# DESCRIPTION OF THE TASK:
Retype exactly what appears below from the line containing "Am Unterwasserschiff musste" down to the line containing "Именной брелок-жетон из", keeping both end lines. Do not include pictures.

DATA SHOWN START

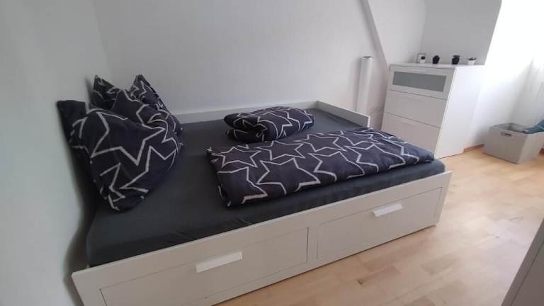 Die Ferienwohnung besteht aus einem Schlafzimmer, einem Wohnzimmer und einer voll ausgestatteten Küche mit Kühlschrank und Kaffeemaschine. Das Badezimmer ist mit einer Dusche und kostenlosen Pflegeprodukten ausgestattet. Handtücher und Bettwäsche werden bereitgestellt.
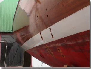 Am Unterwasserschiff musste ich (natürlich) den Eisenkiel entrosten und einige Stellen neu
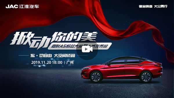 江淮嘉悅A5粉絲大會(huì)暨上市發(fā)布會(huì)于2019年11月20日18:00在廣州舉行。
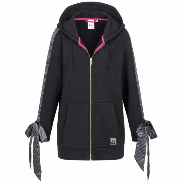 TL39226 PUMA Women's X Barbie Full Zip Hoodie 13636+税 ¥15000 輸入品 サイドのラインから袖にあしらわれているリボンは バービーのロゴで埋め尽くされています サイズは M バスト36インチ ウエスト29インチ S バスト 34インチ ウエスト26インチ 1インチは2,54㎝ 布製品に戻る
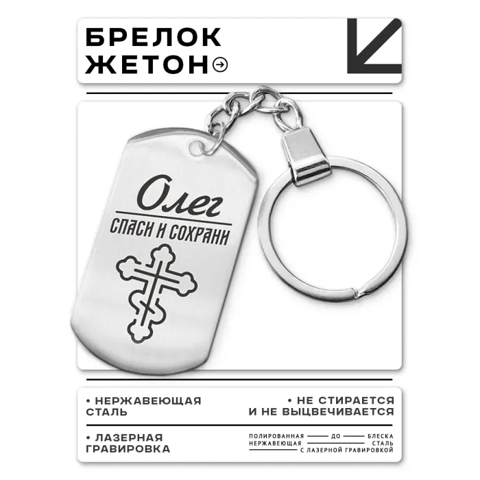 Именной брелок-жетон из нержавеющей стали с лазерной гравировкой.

DATA SHOWN END
DATA SHOWN START

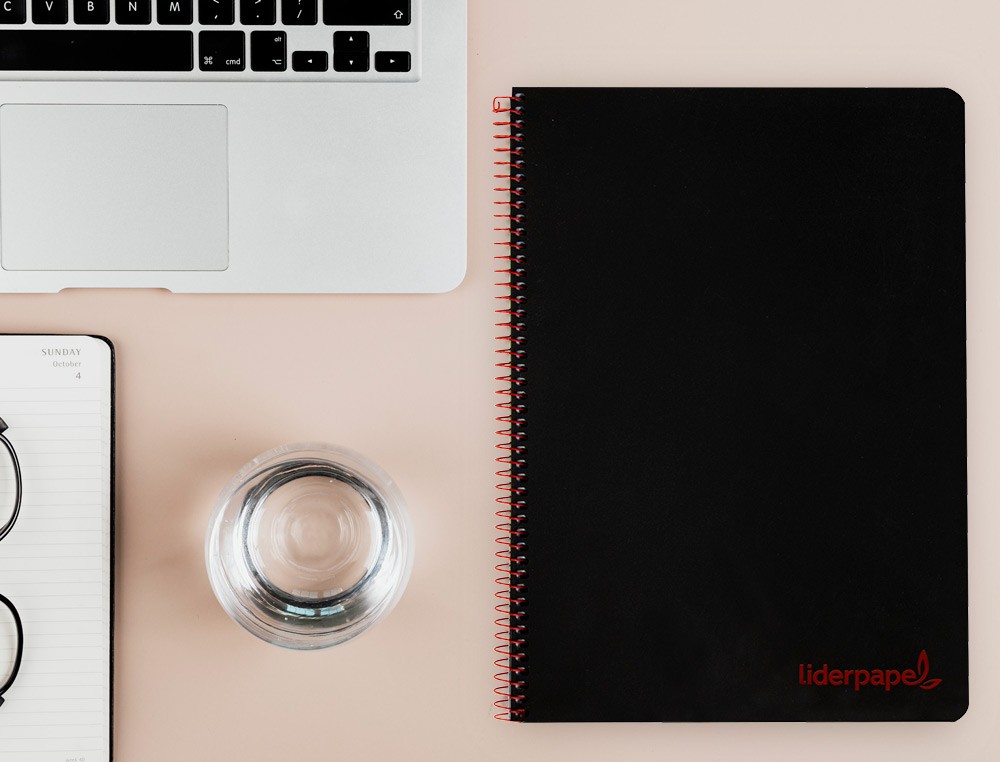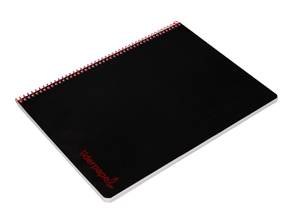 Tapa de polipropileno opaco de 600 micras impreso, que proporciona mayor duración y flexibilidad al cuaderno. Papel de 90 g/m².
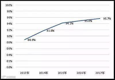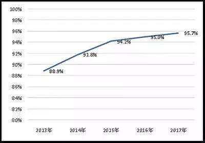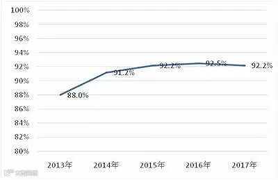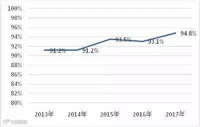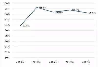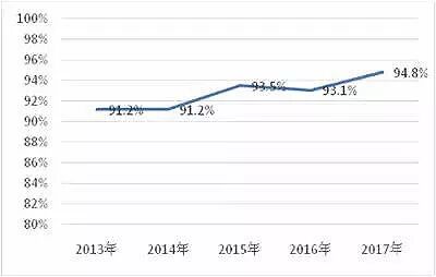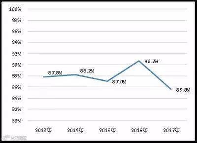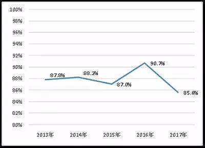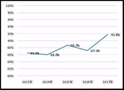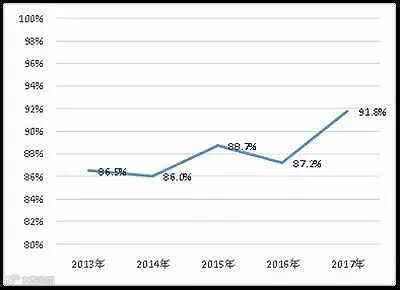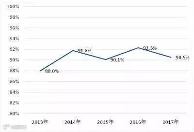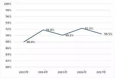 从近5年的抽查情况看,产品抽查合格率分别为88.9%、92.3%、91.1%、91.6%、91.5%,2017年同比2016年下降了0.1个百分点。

DATA SHOWN END
DATA SHOWN START

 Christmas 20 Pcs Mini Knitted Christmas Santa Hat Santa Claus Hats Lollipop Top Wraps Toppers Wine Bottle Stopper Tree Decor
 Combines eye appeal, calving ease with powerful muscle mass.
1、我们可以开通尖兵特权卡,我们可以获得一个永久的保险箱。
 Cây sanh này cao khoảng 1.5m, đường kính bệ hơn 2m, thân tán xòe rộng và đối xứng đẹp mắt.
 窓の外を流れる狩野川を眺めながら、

DATA SHOWN END

# SOLUTION FOR THIS PROBLEM:
 Am Unterwasserschiff musste ich (natürlich) den Eisenkiel entrosten und einige Stellen neu
 江淮嘉悅A5粉絲大會(huì)暨上市發(fā)布會(huì)于2019年11月20日18:00在廣州舉行。
 TL39226 PUMA Women's X Barbie Full Zip Hoodie 13636+税 ¥15000 輸入品 サイドのラインから袖にあしらわれているリボンは バービーのロゴで埋め尽くされています サイズは M バスト36インチ ウエスト29インチ S バスト 34インチ ウエスト26インチ 1インチは2,54㎝ 布製品に戻る
 Именной брелок-жетон из нержавеющей стали с лазерной гравировкой.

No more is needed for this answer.